--- DATA EXTRACT ---
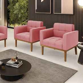 Poltrona Base De Madeira Fixa Castanho Kit 2 Elisa Suede D03 - D\\'rossi Cor Rose
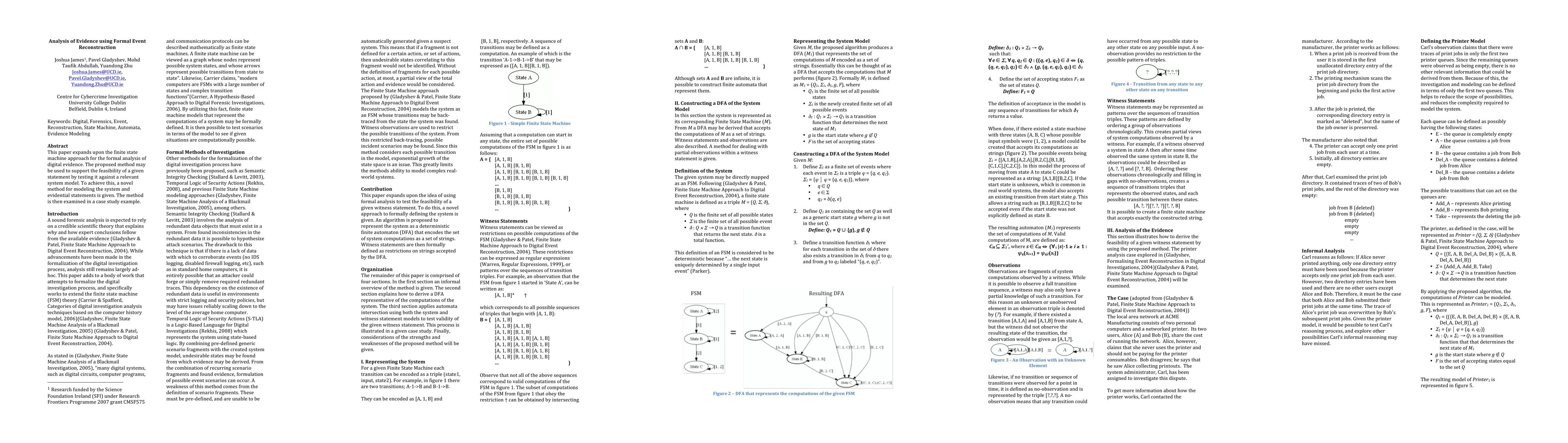 This paper expands upon the finite state machine approach for the formal analysis of digital evidence. The proposed method may be used to support the feasibility of a given statement by testing it against a relevant system model. To achieve this, a novel method for modeling the system and evidential statements is given. The method is then examined in a case study example.
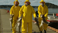先是三个大叔和鳕鱼一起,伴着音乐尬了一段舞▼
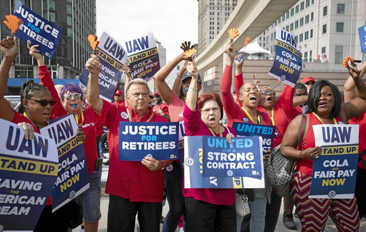 El sindicato United Auto Workers (UAW) lanzó hace un mes una huelga simultánea en las tres grandes empresas automovilísticas de EEUU. Dejó de lado la habitual estrategia de hacerlas consecutivas para forzar el acuerdo. Alrededor de 12.700 trabajadores de tres plantas de montaje están en huelga desde entonces. El 30 de septiembre, 7.000 más se unieron a la huelga.

--- DIRECTIONS ---
Print the material in full and exactly; the pictures must not be printed.

--- EXERCISE OUTPUT ---
 Poltrona Base De Madeira Fixa Castanho Kit 2 Elisa Suede D03 - D\\'rossi Cor Rose
 This paper expands upon the finite state machine approach for the formal analysis of digital evidence. The proposed method may be used to support the feasibility of a given statement by testing it against a relevant system model. To achieve this, a novel method for modeling the system and evidential statements is given. The method is then examined in a case study example.
先是三个大叔和鳕鱼一起,伴着音乐尬了一段舞▼
 El sindicato United Auto Workers (UAW) lanzó hace un mes una huelga simultánea en las tres grandes empresas automovilísticas de EEUU. Dejó de lado la habitual estrategia de hacerlas consecutivas para forzar el acuerdo. Alrededor de 12.700 trabajadores de tres plantas de montaje están en huelga desde entonces. El 30 de septiembre, 7.000 más se unieron a la huelga.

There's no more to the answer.